Using principle of mathematical induction, prove that $\sqrt{n}<\frac{1}{\sqrt{1}}+\frac{1}{\sqrt{2}}+\frac{1}{\sqrt{3}}+\ldots+\frac{1}{\sqrt{n}}$ for all natural numbers $n \geq 2$.

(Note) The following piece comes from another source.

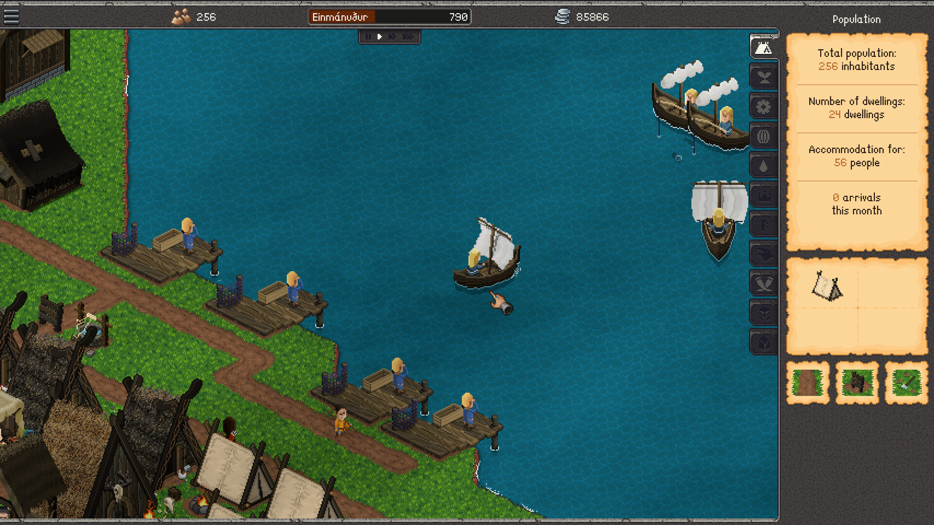 The interface of VIKING – Sagas of the Norse Lands has been designed for immediate understanding. The side panel brings together all the essential information and gives you quick access to the buildings and management data associated with each category.
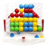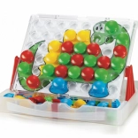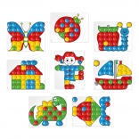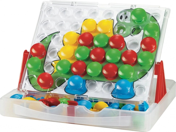 Mozaika v praktickém kufříku umožňuje dětem skládat veselé obrázky podle přiložených šablon nebo dle vlastní fantazie. Desku lze zasunout do opěrek a používat ji i ve svislé poloze pro ještě pohodlnější hraní. Velké, barevné kloboučky jsou bezpečné a snadno uchopitelné i pro malé dětské ruce.

Let $\mathrm{P}(n): \sqrt{n}<\frac{1}{\sqrt{1}}+\frac{1}{\sqrt{2}}+\frac{1}{\sqrt{3}}+\ldots+\frac{1}{\sqrt{n}}$ for all natural numbers $n \geq 2$.
Step I: For $n=2$,
$\mathrm{P}(2)$ :
LHS $=\sqrt{2} \approx 1.414$
$\mathrm{RHS}=\frac{1}{\sqrt{1}}+\frac{1}{\sqrt{2}}=1+\frac{\sqrt{2}}{2} \approx 1+0.707=1.707$
As, LHS $<$ RHS
So, it is true for $n=2$.
Step II : For $n=k$,
Let $\mathrm{P}(k): \sqrt{k}<\frac{1}{\sqrt{1}}+\frac{1}{\sqrt{2}}+\frac{1}{\sqrt{3}}+\ldots+\frac{1}{\sqrt{k}}$ be true for some natural numbers $n \geq 2$.
Step III : For $n=k+1$,
$\mathrm{P}(k+1):$
$\mathrm{LHS}=\sqrt{k+1}$
$\mathrm{RHS}=\frac{1}{\sqrt{1}}+\frac{1}{\sqrt{2}}+\frac{1}{\sqrt{3}}+\ldots+\frac{1}{\sqrt{k}}+\frac{1}{\sqrt{k+1}}$
$>\sqrt{k}+\frac{1}{\sqrt{k+1}}$
As, $\sqrt{k+1}>\sqrt{k}$
$\Rightarrow \frac{\sqrt{k}}{\sqrt{k+1}}<1$
$\Rightarrow \frac{k}{\sqrt{k+1}}<\sqrt{k}$
$\Rightarrow \frac{k+1}{\sqrt{k+1}}-\frac{1}{\sqrt{k+1}}<\sqrt{k}$
$\Rightarrow \sqrt{k+1}-\frac{1}{\sqrt{k+1}}<\sqrt{k}$
$\Rightarrow \sqrt{k}+\frac{1}{\sqrt{k+1}}>\sqrt{k+1}$
i.e. LHS $<$ RHS
So, it is also true for $n=k+1$.
Hence, $\mathrm{P}(n): \sqrt{n}<\frac{1}{\sqrt{1}}+\frac{1}{\sqrt{2}}+\frac{1}{\sqrt{3}}+\ldots+\frac{1}{\sqrt{n}}$ for all natural numbers $n \geq 2$.